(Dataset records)
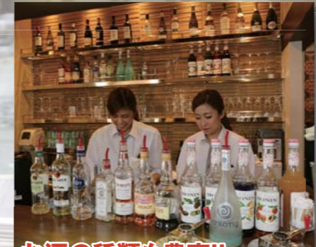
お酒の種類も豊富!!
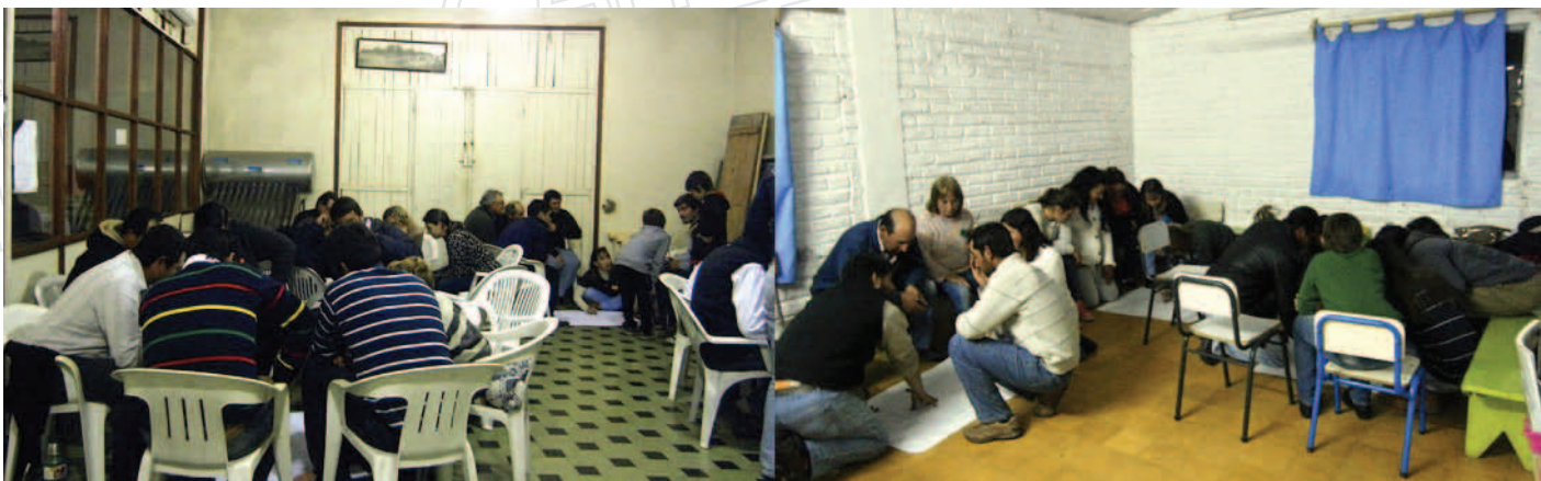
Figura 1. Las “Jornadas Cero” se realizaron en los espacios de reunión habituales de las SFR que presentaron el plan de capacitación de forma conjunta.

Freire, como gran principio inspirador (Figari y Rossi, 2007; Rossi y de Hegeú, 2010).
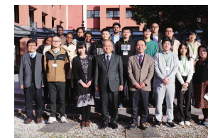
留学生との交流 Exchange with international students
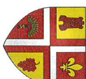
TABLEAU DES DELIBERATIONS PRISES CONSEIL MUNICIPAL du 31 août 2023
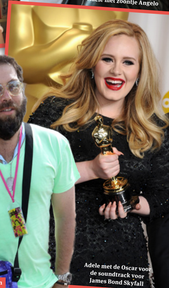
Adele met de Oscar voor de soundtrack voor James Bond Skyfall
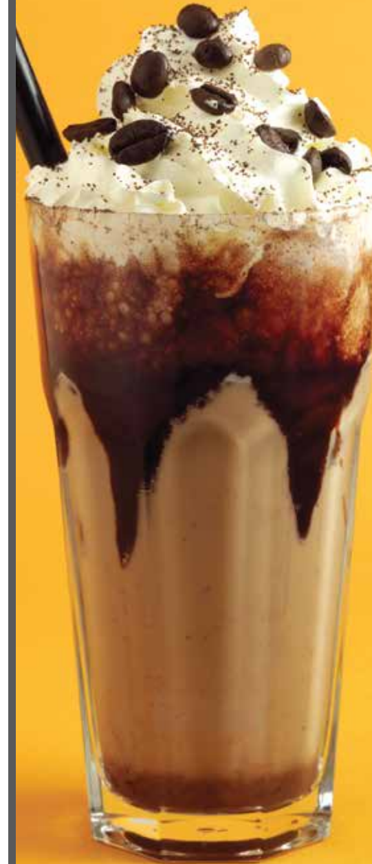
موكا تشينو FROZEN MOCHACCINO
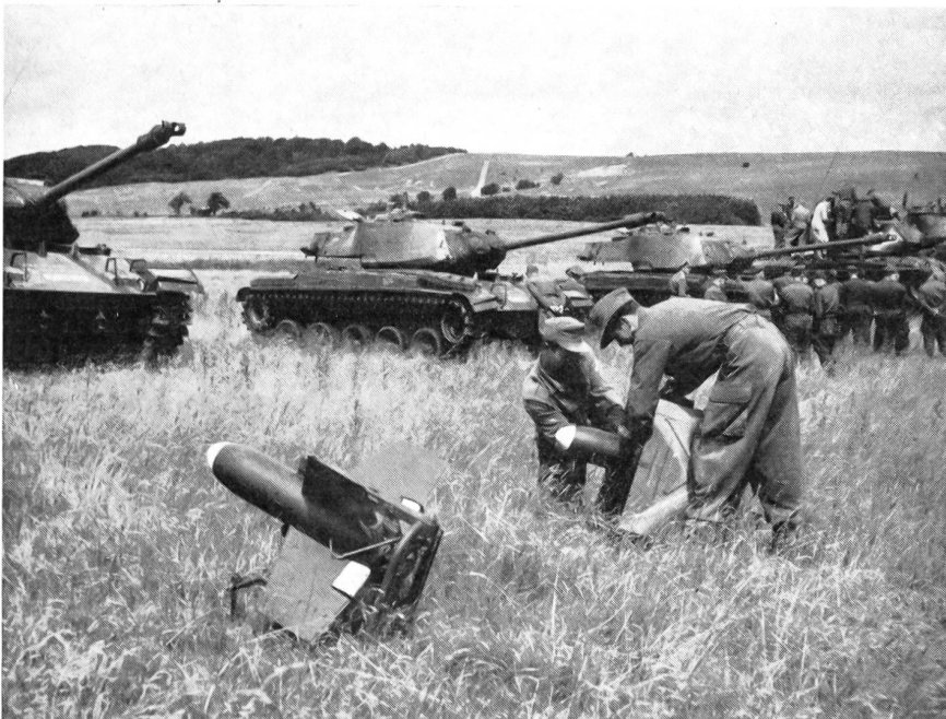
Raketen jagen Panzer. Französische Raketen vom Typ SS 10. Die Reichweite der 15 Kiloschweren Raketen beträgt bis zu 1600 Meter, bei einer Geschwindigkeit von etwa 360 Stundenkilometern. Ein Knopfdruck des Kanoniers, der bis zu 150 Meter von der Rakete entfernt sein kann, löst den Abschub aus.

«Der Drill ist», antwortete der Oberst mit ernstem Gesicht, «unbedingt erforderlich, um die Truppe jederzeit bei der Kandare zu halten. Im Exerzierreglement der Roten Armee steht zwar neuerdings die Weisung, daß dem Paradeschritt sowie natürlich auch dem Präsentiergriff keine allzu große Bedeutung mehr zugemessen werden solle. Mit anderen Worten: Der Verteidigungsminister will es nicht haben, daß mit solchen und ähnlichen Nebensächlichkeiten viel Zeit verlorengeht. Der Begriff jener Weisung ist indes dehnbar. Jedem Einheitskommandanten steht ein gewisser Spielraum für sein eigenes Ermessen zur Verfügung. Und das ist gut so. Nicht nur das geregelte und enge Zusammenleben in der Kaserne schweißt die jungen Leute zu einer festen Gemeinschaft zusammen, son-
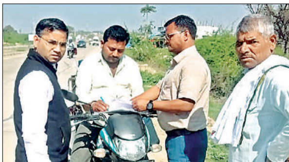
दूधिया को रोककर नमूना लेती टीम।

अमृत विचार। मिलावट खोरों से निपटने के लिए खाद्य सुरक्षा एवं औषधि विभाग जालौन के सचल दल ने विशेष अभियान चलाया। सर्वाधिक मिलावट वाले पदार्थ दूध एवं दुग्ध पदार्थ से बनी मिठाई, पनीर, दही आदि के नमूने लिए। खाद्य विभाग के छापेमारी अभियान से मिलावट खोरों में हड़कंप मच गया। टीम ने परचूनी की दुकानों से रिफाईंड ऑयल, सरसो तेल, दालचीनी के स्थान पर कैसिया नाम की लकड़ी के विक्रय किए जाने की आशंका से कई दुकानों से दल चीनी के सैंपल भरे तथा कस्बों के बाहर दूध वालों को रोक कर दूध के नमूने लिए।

TASK DETAILS
Look above for every line with the word "sein" and copy it.

OUTPUT FOR THIS TASK
Raketen jagen Panzer. Französische Raketen vom Typ SS 10. Die Reichweite der 15 Kiloschweren Raketen beträgt bis zu 1600 Meter, bei einer Geschwindigkeit von etwa 360 Stundenkilometern. Ein Knopfdruck des Kanoniers, der bis zu 150 Meter von der Rakete entfernt sein kann, löst den Abschub aus.
«Der Drill ist», antwortete der Oberst mit ernstem Gesicht, «unbedingt erforderlich, um die Truppe jederzeit bei der Kandare zu halten. Im Exerzierreglement der Roten Armee steht zwar neuerdings die Weisung, daß dem Paradeschritt sowie natürlich auch dem Präsentiergriff keine allzu große Bedeutung mehr zugemessen werden solle. Mit anderen Worten: Der Verteidigungsminister will es nicht haben, daß mit solchen und ähnlichen Nebensächlichkeiten viel Zeit verlorengeht. Der Begriff jener Weisung ist indes dehnbar. Jedem Einheitskommandanten steht ein gewisser Spielraum für sein eigenes Ermessen zur Verfügung. Und das ist gut so. Nicht nur das geregelte und enge Zusammenleben in der Kaserne schweißt die jungen Leute zu einer festen Gemeinschaft zusammen, son-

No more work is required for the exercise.